= Kafr Jinnis =

Archaeological site in Israel

Kafr Jinnis (Arabic: كفر جنّس; Hebrew: כפר ג'ינס) is an ancient site in modern-day Israel, 2 kilometers west of Ben Gurion Airport in Israel's Central District.

== History ==
The site has been inhabited since at least the Roman period. Its name derives from the Greek personal name Γενναῖος/ Γέννιος (“high-born, noble").

In 1552, Haseki Hürrem Sultan, the favourite wife of Suleiman the Magnificent, endowed a quarter of the tax revenues of Kafr Jinnis to its Haseki Sultan Imaret in Jerusalem. Like neighnboring Jindas, the village belonged administratively to District of Gaza.

In 1596, Kafr Jinnis was home to 18 Muslim households. The villagers paid a fixed tax rate of 33,3% for the crops that they cultivated, which included wheat, barley, as well as on other types of property, such as goats and beehives, a total of 8,600 akce, all paid to a waqf.

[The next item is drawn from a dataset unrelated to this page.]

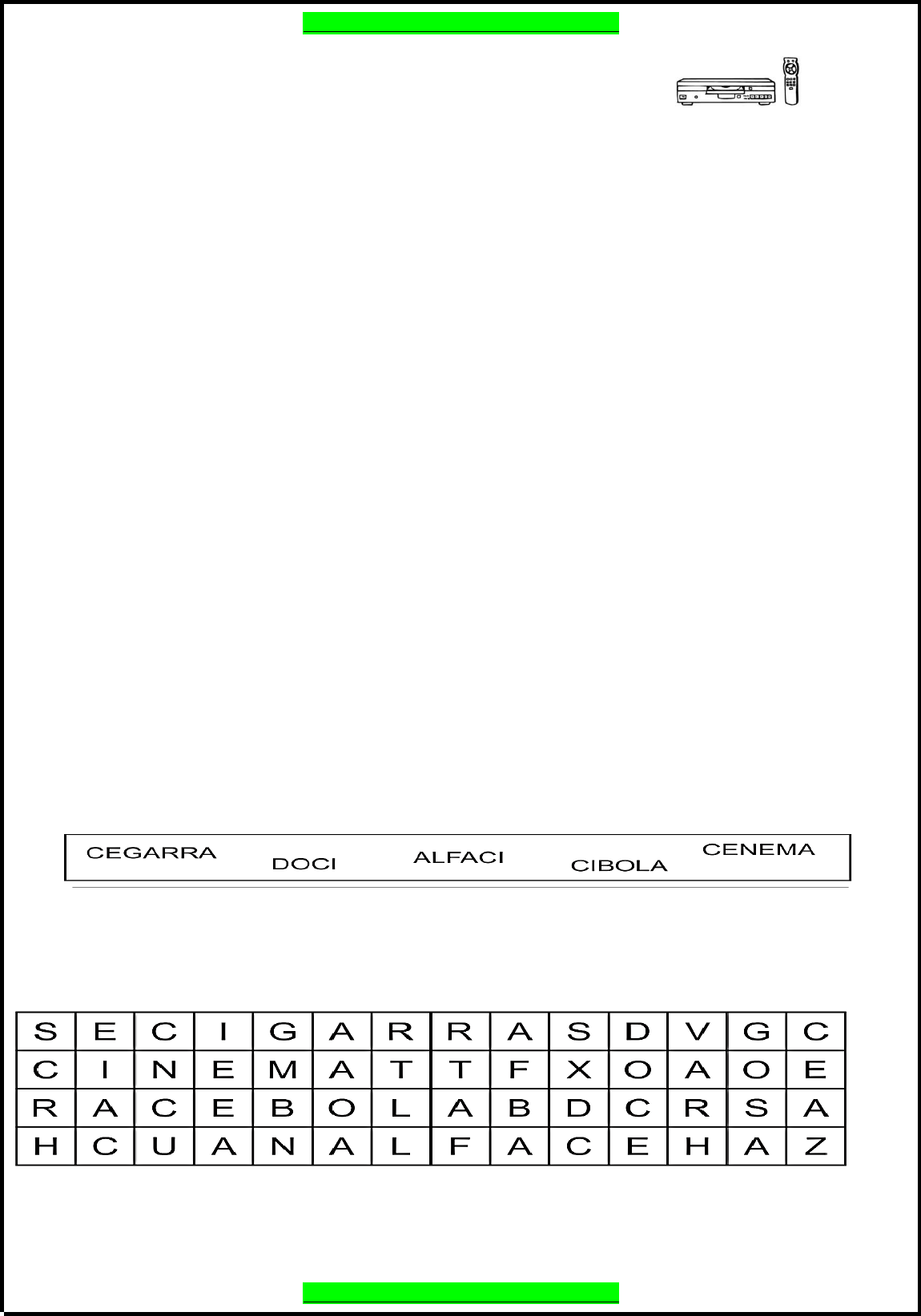 <p>ATIVIDADES DE CASA- 05/08/2024</p><p>1) LEIA O TEXTO SEGUINTE: CINEMA EM CASA (GRAÇA BOQUET)</p><p>CIBELE GANHOU UM APARELHO DE DVD NO SEU ANIVERSÁRIO. DONA CECÍLIA,</p><p>SUA MÃE, ALUGOU O FILME CINDERELA, NA LOCADORA DA CIDADE.</p><p>CIBELE CONVIDOU SUA AMIGA ALICE PARA ASSISTIREM AO FILME JUNTAS.</p><p>ALICE LEVOU DELICIOSAS BALAS DE CEREJAS E CIBELE FEZ PIPOCA DOCE.</p><p>DONA CECÍLIA DISSE:</p><p>SEMANA QUE VEM VOU ALUGAR PARA VOCÊS O FILME: ALICE NO PAÍS</p><p>DAS MARAVILHAS.</p><p>- OBA! E VOCÊ, AMIGA, É A MINHA CONVIDADA DE NOVO - DISSE CIBELE À ALICE.</p><p>2) CIRCULE NO TEXTO DE AMARELO TODAS AS PALAVRAS ESCRITAS COM CE-CI.</p><p>3) INTERPRETAÇÃO DO TEXTO:</p><p>A) QUAL É O NOME DO FILME QUE AS MENINAS ASSISTIRAM? __________________________</p><p>B) O QUE CIBELE ALUGOU? _________________________________________________________</p><p>B) O QUE CIBELE FEZ PARA COMER? ________________________________________________</p><p>C) QUAL É O PRÓXIMO FILME QUE AS MENINAS IRÃO ASSISTIR? ________________________</p><p>_________________________________________________________________________________</p><p>4) AS PALAVRAS ABAIXO ESTÃO ESCRITAS ERRADAS, CORRIJA-AS E PROCURE AS NO</p><p>CAÇA-PALAVRAS, CIRCULANDO-AS USANDO CORES DIFERENTES.</p><p>_____________________________________________________________________________</p><p>_____________________________________________________________________________</p><p>5) SEPARE AS SÍLABAS DAS PALAVRAS DO CAÇA-PALAVRAS E CLASSIFIQUE-AS QUANTO</p><p>AO NÚMERO DE SÍLABAS.</p><p>ATIVIDADES DE CASA- 06/08/2024</p><p>1) COMPLETE A SEQUÊNCIA NUMÉRICA ATÉ O 399:</p><p>A) QUAL É O MAIOR NUMERAL DA SEQUÊNCIA ACIMA? ____________________________</p><p>B) QUAL É O MENOR NUMERAL DA SEQUÊNCIA ACIMA? ___________________________</p><p>C) COLORIR DE AMARELO OS NÚMEROS PARES DA SEQUÊNCIA.</p><p>2) ESCREVA POR EXTENSO:</p><p>3) ESCREVA O ANTECESSOR E O SUCESSOR:</p><p>ATIVIDADES DE CASA- 07/08/2024</p><p>1) LEIA O TEXTO SEGUINTE: O FOGUETE</p><p>O FOGUETE FOI LANÇADO PARA CHEGAR EM MARTE.</p><p>A MISSÃO É A SEGUINTE: ENCONTRAR ÁGUA E VIDA EM MARTE.</p><p>UM ROBÔ VAI GUIAR O FOGUETE PELO ESPAÇO.</p><p>TODOS NÓS AGUARDAREMOS ANSIOSOS AQUI NA TERRA.</p><p>SERÁ QUE O FOGUETE VAI CONSEGUIR CHEGAR LÁ EM MARTE?</p><p>2) RESPONDA COM ATENÇÃO:</p><p>A) QUAL É O NOME DO TEXTO? _____________________________________________________</p><p>B) PARA ONDE O FOGUETE FOI LANÇADO? __________________________________________</p><p>C) QUAL É A MISSÃO? ____________________________________________________________</p><p>D) QUEM VAI GUIAR O FOGUETE? ___________________________________________________</p><p>E) QUEM VAI AGUARDAR NA TERRA? ________________________________________________</p><p>3) SIGA AS SETAS E FORME AS PALAVRAS:</p><p>4) COMPLETE AS PALAVRAS COM AS SÍLABAS ABAIXO E FORME AS PALAVRAS:</p><p>ATIVIDADES DE CASA- 08/08/2024</p><p>1) RESOLVER AS SUBTRAÇÕES E COLORIR OS RESULTADOS:</p><p>2) ESCREVA OS RESULTADOS ACIMA POR EXTENSO.</p><p>3) ESCREVA NAS ETIQUETAS OS VALORES DOS PRODUTOS EM PROMOÇÃO E DEPOIS RESPONDA:</p><p>A) QUAL É O PRODUTO MAIS CARO? ________________________________________________</p><p>B) QUAL É O PRODUTO MAIS BARATO? ______________________________________________</p><p>image6.jpeg</p><p>image7.jpeg</p><p>image8.png</p><p>image10.jpeg</p><p>image11.png</p><p>image1.jpeg</p><p>image2.png</p><p>image4.png</p>

During the era of the British Mandate for Palestine, Kafr Jinnis railway station was built by the British military as part of a branch of the Eastern Railway to Al-Lubban during the Sinai and Palestine campaign of World War I; Kafr Jinnis was where the branch diverged from the Eastern Railway proper (see: Airport City railway station).